HDFS Architecture | Hadoop Tutorial for Beginners | Hadoop [Part 6]
What Happens When You Store a File in a Hadoop Cluster?
Understanding the Basics of Hadoop File Storage
- The speaker introduces the concept of storing a file (192 MB) in a Hadoop cluster, emphasizing that understanding the basics is crucial for real-world applications.
- To connect to a Hadoop cluster, users typically utilize a Hadoop client package or log into a gateway machine, which serves as an intermediary for security and access reasons.
- The gateway machine allows users to issue commands without directly accessing the Hadoop cluster, ensuring secure communication between user machines and the cluster.
File Upload Process in Hadoop
- Upon initiating an upload of the 192 MB file from the user's machine to the gateway, it first communicates with the NameNode to determine block size settings.
- The NameNode informs that files will be divided into blocks based on configured block sizes (assumed here as 64 MB), similar to how operating systems manage file storage.
- For this example, since 192 MB exceeds one block size, it will be split into three blocks (B1, B2, B3), which happens automatically without user intervention.

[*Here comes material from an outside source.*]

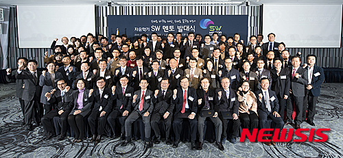 【서울=뉴시스】최진석 기자 = 최재유 미래창조과학부 제2차관이 9일 오전 서울 강남구 노보텔 앰배서더 호텔에서 열린 '자유학기 소프트웨어(SW) 멘토 발대식' 에서 김진형 소프트웨어정책연구소장 및 발대식에 참여한 기업, 학회, 협회, 공공기관 대표들과 기념촬영 하고 있다. 2015.12.09. (사진=미래창조과학부 제공)
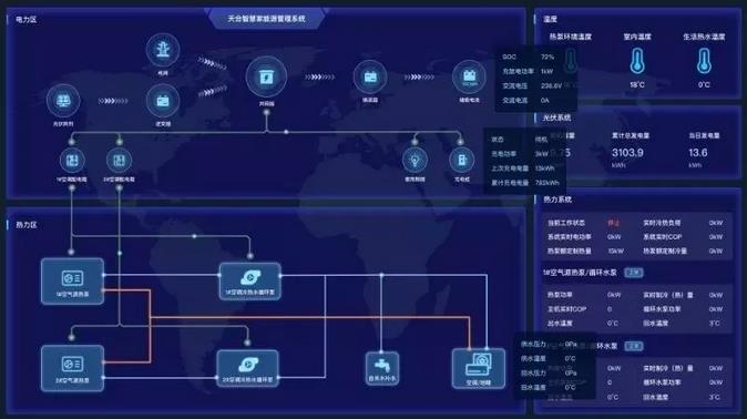天合光伏智慧家能源管理平台是行业首个“光伏+空气能”智慧能源管理平台。平台嵌入“光伏+”系统,包含空气能冷暖热三联供、储能、充电桩和照明系统等。在实际运行过程中,能源管理平台不仅能主动、快速为客户提供定制化精准技术服务支持,还能优化产品在整个使用寿命周期内的运行成本。白天利用光伏发电给空气源热泵、热泵热水器、充电桩供电,并将多余电量储存在储能电池中;夜晚储能电池将释放电量给空气源热泵和照明用,无需电网电力补充供应。

Data Distribution and Replication
- After dividing the file into blocks, these are sent back to the NameNode for distribution across different DataNodes based on available storage space.
- The NameNode allocates each block to separate DataNodes to optimize processing efficiency; ideally preventing all blocks from being stored on one machine.
- This distribution allows multiple machines to process data simultaneously. If all blocks were on one node, it would create bottlenecks during processing tasks.
Heartbeat Mechanism and Data Reliability
- All DataNodes send heartbeat signals to the NameNode regularly. This mechanism helps maintain awareness of active nodes within the cluster and ensures data availability.
- By default, each block is replicated three times across different machines for redundancy. This replication safeguards against data loss if any single machine fails.
Metadata Management by NameNode
Disaster Recovery in Hadoop: Key Insights
Understanding Name Nodes and Disaster Recovery
- The architecture involves an active name node and a standby name node, ensuring constant communication for disaster recovery.
- Van Disco is highlighted as a notable company specializing in disaster recovery solutions for Hadoop, emphasizing a non-traditional approach to backup systems.
Data Classification and Backup Strategies
- In managing large data sets (e.g., 100 terabytes), it's crucial to classify data based on its importance; only critical data (e.g., 10 terabytes) should be backed up periodically.
- The tool "Distributed Copy" (distcp) is used in Hadoop to synchronize primary and backup clusters efficiently without the need for extensive backup infrastructure.
Evolution of Hadoop Versions
- There are three major releases of Hadoop: version one is outdated, while version two remains widely used. Version three was released recently in December 2017.
- Companies can adjust the replication factor when storing data; however, debates exist regarding the efficiency of high replication rates due to space loss.
Handling Unstructured Data
- In Hadoop 3, there are limitations on file types supported, with no replication allowed for certain formats. This raises questions about handling unstructured data effectively.
- Analyzing unstructured data like images or videos poses challenges; conversion into binary format is necessary before analysis can occur.
Real-world Applications and Limitations
- A real-time example from a customer care context illustrates that companies often analyze metadata rather than actual audio recordings from calls due to practical constraints.